Here’s a fun spin on a traditional meal – vegan spinach and artichoke lasagna! I created this recipe a few months ago and it’s been a hit ever since. I’ve had many requests to share it so I finally got around to writing it down. This is a great meal if you are transitioning into a vegan lifestyle or if you just want to do an animal free meal once or twice a week. I hope you enjoy!
Here are the main ingredients you will need. You will also need a few seasonings that most people have handy.
- 1 14 oz pack of extra firm tofu
- 1 10 oz pack of frozen spinach
- 6 oz quartered artichoke hearts (I cut them in half, but whenever we have kids over I cut them even smaller so it’s easier for them to eat).
- 1 package of vegan mozzarella (I prefer Daiya and Follow Your Heart brands)
- 1 tbsp lemon juice
- 1- 1 1/2 tsp garlic powder
- 1/2 tsp onion powder
- 1-2 tbsp dried basil
- 1 to 2 tsp Tony’s seasoning
- Salt and pepper to taste
- 1 tbsp ground flax seed
- 12 lasagna noodles (I boil 13-14 in case some fall apart while boiling)
- 1 jar of marinara sauce
The measurements for the seasonings are just suggestions. I generally don’t measure and just eyeball everything so I probably use more than those amounts. Just taste it as you go and add according to your taste preference. 🙂
- Make your flax seed “egg.” Mix 1 tbsp of flax seed with 2-3 tbsp of water and set aside.

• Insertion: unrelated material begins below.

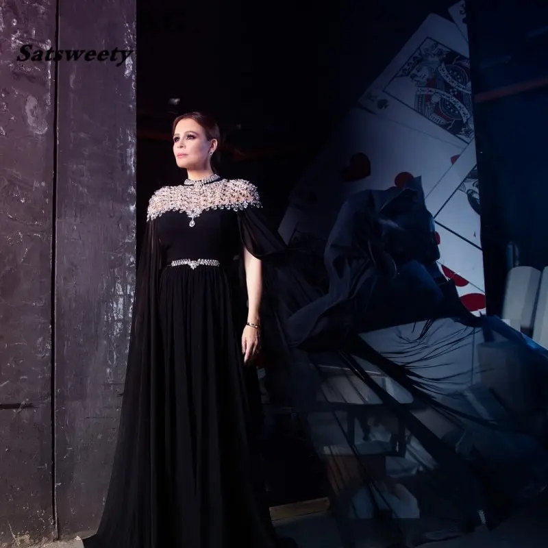 Yousef Aljasmi черное шифоновое длинное арабское вечернее платье с рукавами-накидками Кристаллы Стразы платье с высоким воротником для матери невесты

- Start boiling your lasagna noodles. Stir often to prevent the noodles from sticking together or to the bottom of the pot.
- Using your hands, lightly squeeze the excess water from the tofu then break into 4-5 chunks and place into a food processor or blender*
- Add all seasonings and lemon juice. Pulse until the consistency is similar to a ricotta cheese…you may need to add a bit more water.
- Move tofu mixture to a medium boil and add spinach, flax egg, mozzarella, artichoke hearts. I also add more Tony’s at this point because you really can’t have too much Tony’s 🙂 (I leave about 1/4 of the cheese to sprinkle on top – you can leave more or less depending on how cheesy you want the top to be).
6. Lay out lasagna noodles on baking sheets or another flat surface.
7. Scoop about 2 tablespoons (I just eyeballed it) of mixture into each noodle then roll the noodle up. Place the roll into a 9×13 glass pan that has a layer of marinara sauce.
8. Continue until you have 12 lasagna rolls. It may seem that not all 12 will fit, but they will.
9. Spread the remaining of the marinara sauce and cheese on top. Bake for 18 to 20 minutes at 375. After 18 minutes, I generally will broil on high for 2 minutes.
10. Enjoy! 🙂
*You do not need a food processor or blender to make this meal. In the past, I have used a fork to just smash the tofu into the correct consistency and then add the seasonings and stir. A food processor makes it easier, but it isn’t difficult to use a fork instead.